_Work request_.
Could you restate, exactly and with nothing added, the lines from the start of the data through the line that holds "reversible 1/4, 5/0 |", leaving the pictures out?

_Data segment_.
━━━━━━━━━━

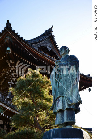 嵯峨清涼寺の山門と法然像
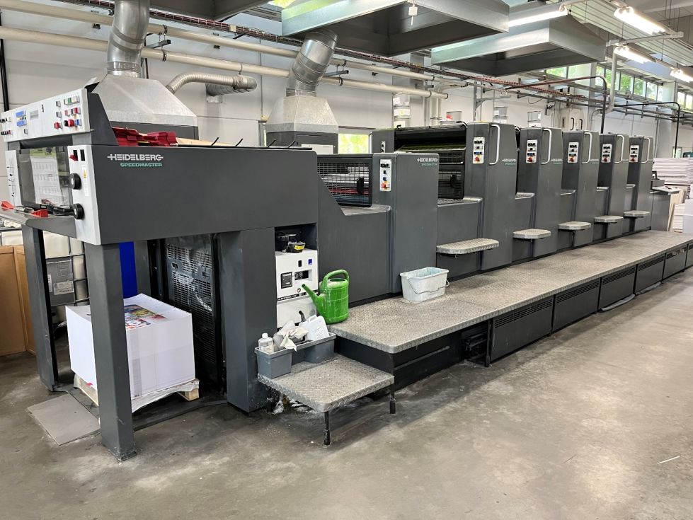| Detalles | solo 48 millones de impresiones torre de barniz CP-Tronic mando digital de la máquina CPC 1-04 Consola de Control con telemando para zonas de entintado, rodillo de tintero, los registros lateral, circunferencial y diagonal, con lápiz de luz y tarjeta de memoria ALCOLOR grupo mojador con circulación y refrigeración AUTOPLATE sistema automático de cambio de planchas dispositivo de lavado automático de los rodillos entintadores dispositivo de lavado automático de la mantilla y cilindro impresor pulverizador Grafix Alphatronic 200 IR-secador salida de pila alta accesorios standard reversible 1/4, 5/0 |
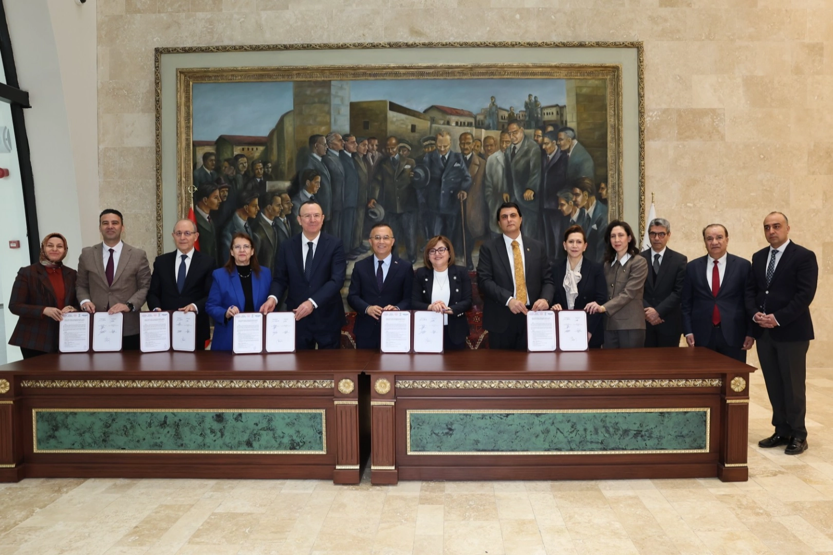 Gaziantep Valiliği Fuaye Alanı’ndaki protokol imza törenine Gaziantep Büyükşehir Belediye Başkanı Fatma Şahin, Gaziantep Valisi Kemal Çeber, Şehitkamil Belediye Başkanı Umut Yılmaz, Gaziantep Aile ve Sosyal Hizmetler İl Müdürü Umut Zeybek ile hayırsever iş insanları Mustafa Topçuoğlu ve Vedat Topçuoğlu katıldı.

━━━━━━━━━━

_Response to this task_.
 嵯峨清涼寺の山門と法然像
| Detalles | solo 48 millones de impresiones torre de barniz CP-Tronic mando digital de la máquina CPC 1-04 Consola de Control con telemando para zonas de entintado, rodillo de tintero, los registros lateral, circunferencial y diagonal, con lápiz de luz y tarjeta de memoria ALCOLOR grupo mojador con circulación y refrigeración AUTOPLATE sistema automático de cambio de planchas dispositivo de lavado automático de los rodillos entintadores dispositivo de lavado automático de la mantilla y cilindro impresor pulverizador Grafix Alphatronic 200 IR-secador salida de pila alta accesorios standard reversible 1/4, 5/0 |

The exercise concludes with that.